## The problem
Only the pictures should be left out; write out all other data exactly.

## Dataset extract

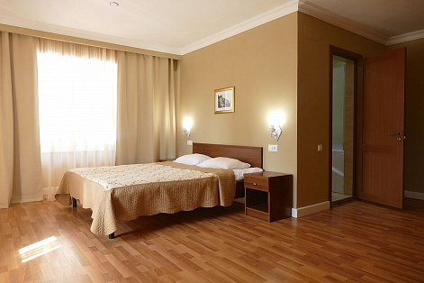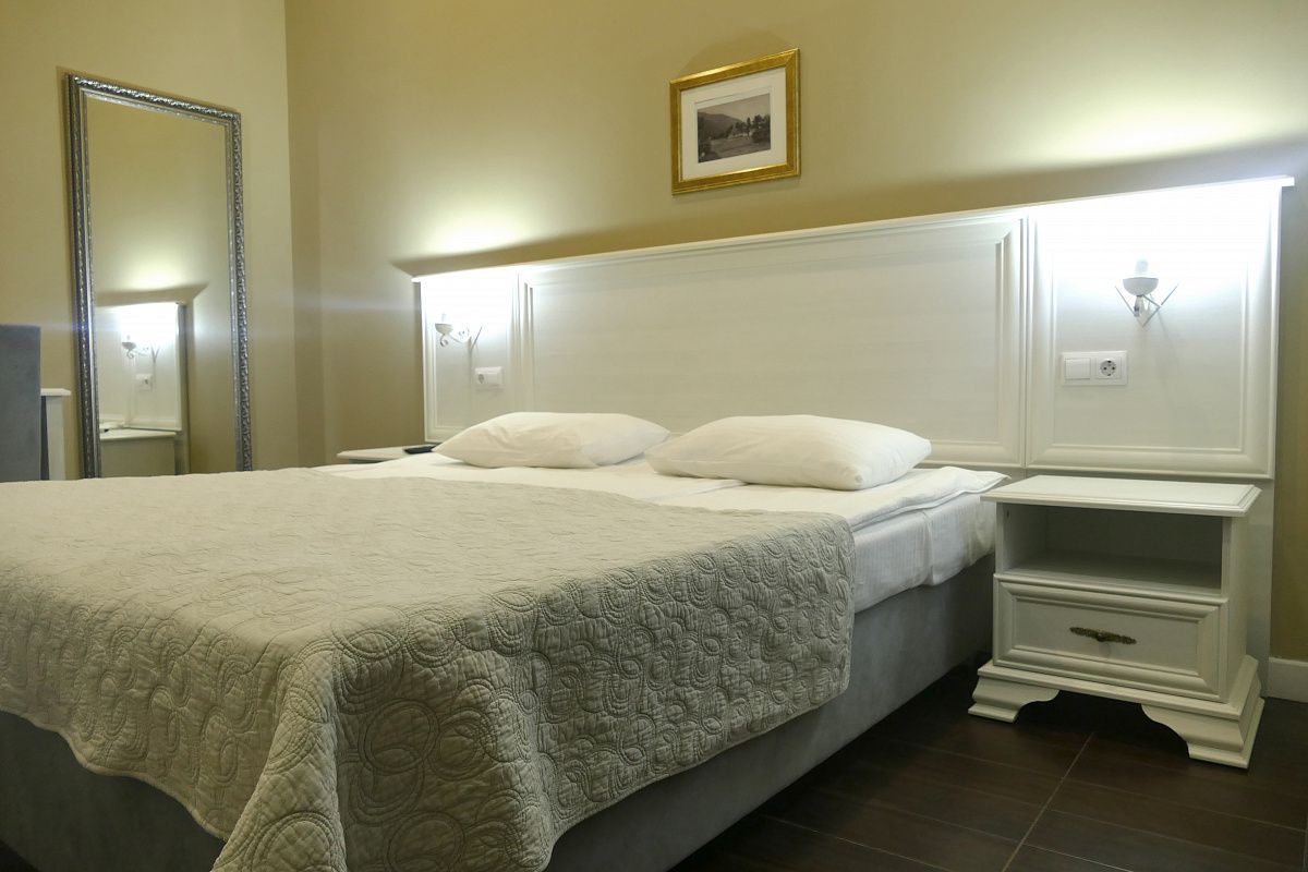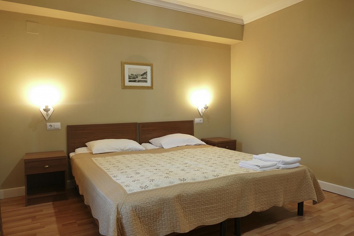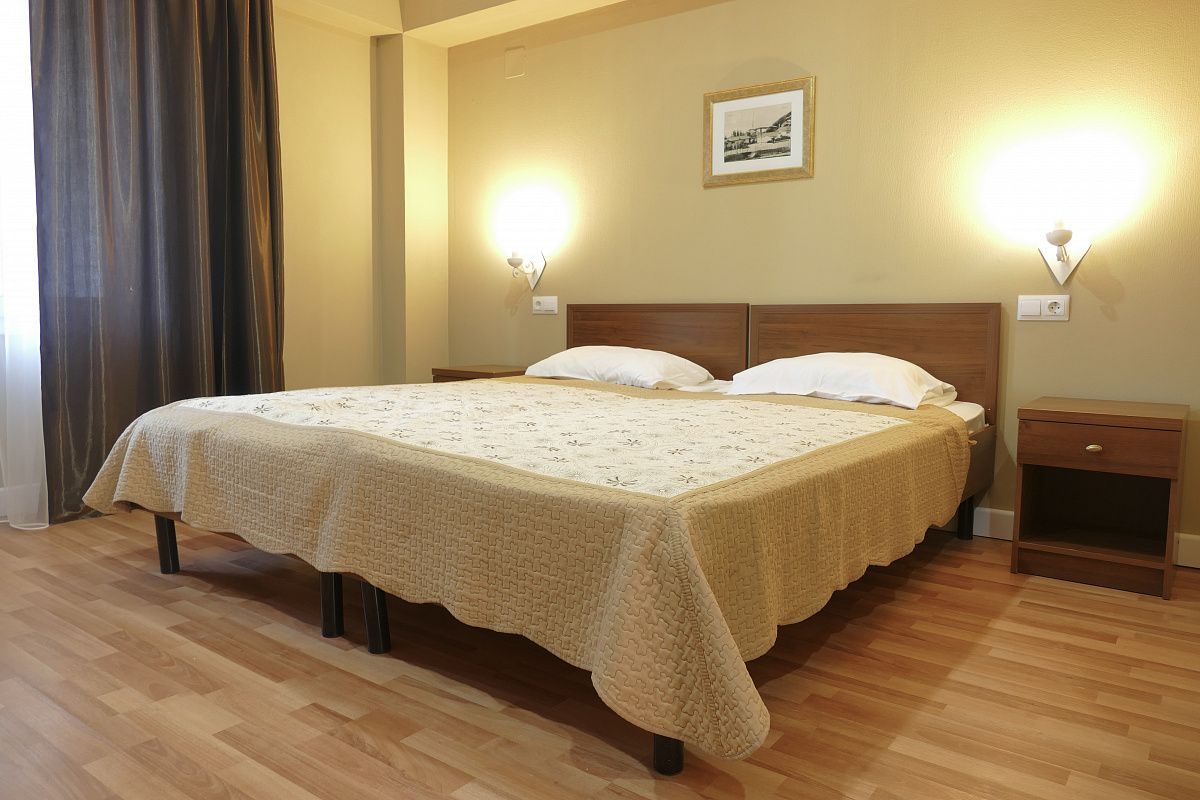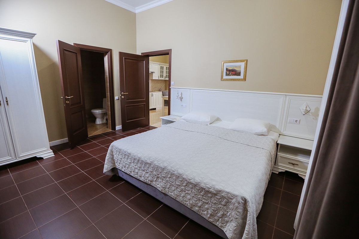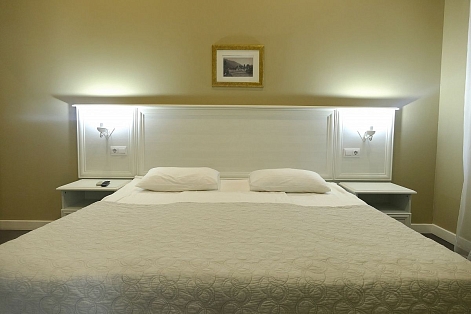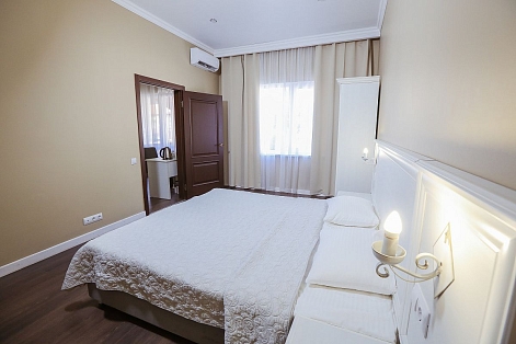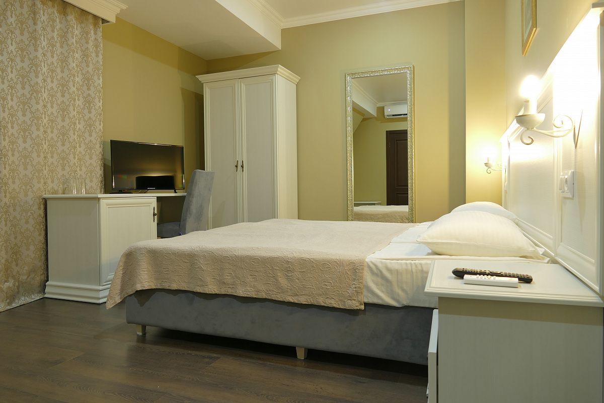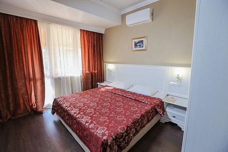 В номере: вешалка, зеркало, кресло-кровать, кровать двуспальная, прикроватные тумбочки, стол, столик журнальный, стул, шкаф, сплит-система, телевизор, холодильник
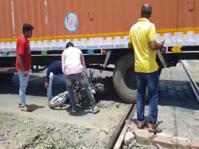 नवापूरात ट्रॉलाखाली दुचाकी घुसली, दुर्घटना टळली
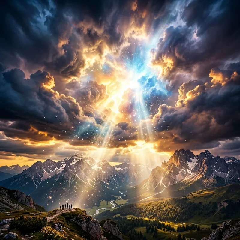 Create a breathtaking image of a divine light emanating from the sky, symbolizing the power and majesty of God. The scene should feature a radiant, otherworldly glow breaking through dense, dramatic clouds, illuminating the earth below with an ethereal brilliance. The colors should blend shades of gold, white, and celestial blue, evoking a sense of awe, reverence, and spirituality. The light should feel alive and transcendent, with subtle details like shimmering particles in the air to convey divine energy. The setting can be natural, such as mountains or an open field, to emphasize the grandeur of God's creation
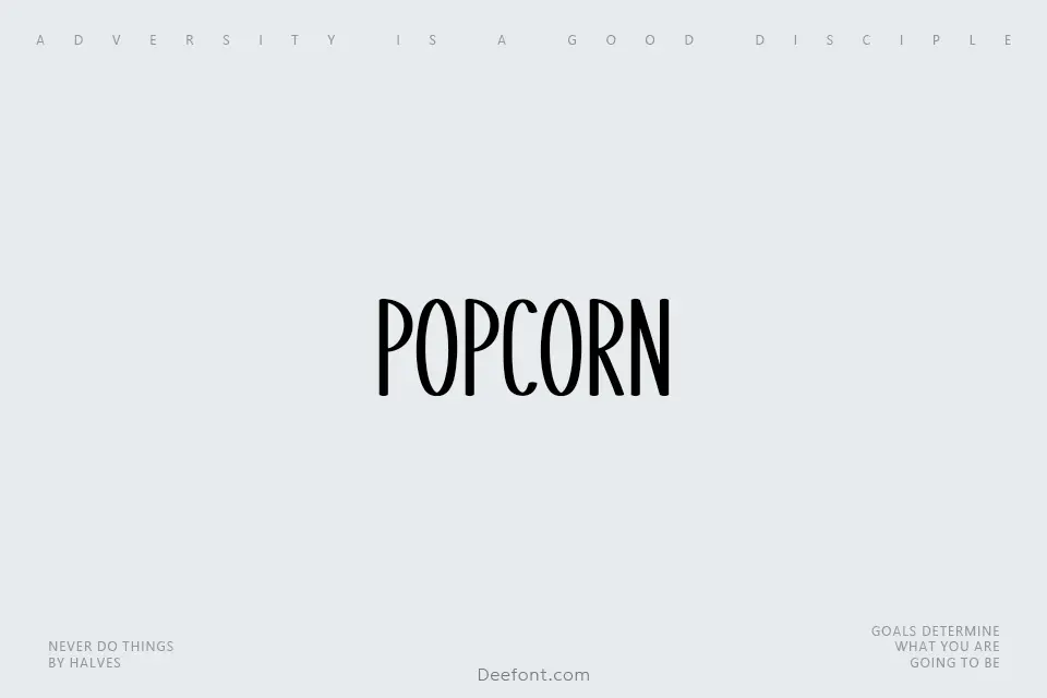 Popcorn is a charming handwritten script font with a casual, flowing aesthetic that brings personality to any creative project. Featuring smooth, expressive brush-like strokes and a semi-light weight, this typeface excels in display applications such as wedding invitations, social media graphics, poster designs, product packaging, and branding projects. The font’s whimsical character makes it particularly suited for creative and decorative purposes, delivering an authentic handwritten feel that captures attention and adds warmth to your designs.

## Answer to the exercise
 В номере: вешалка, зеркало, кресло-кровать, кровать двуспальная, прикроватные тумбочки, стол, столик журнальный, стул, шкаф, сплит-система, телевизор, холодильник
 नवापूरात ट्रॉलाखाली दुचाकी घुसली, दुर्घटना टळली
 Create a breathtaking image of a divine light emanating from the sky, symbolizing the power and majesty of God. The scene should feature a radiant, otherworldly glow breaking through dense, dramatic clouds, illuminating the earth below with an ethereal brilliance. The colors should blend shades of gold, white, and celestial blue, evoking a sense of awe, reverence, and spirituality. The light should feel alive and transcendent, with subtle details like shimmering particles in the air to convey divine energy. The setting can be natural, such as mountains or an open field, to emphasize the grandeur of God's creation
 Popcorn is a charming handwritten script font with a casual, flowing aesthetic that brings personality to any creative project. Featuring smooth, expressive brush-like strokes and a semi-light weight, this typeface excels in display applications such as wedding invitations, social media graphics, poster designs, product packaging, and branding projects. The font’s whimsical character makes it particularly suited for creative and decorative purposes, delivering an authentic handwritten feel that captures attention and adds warmth to your designs.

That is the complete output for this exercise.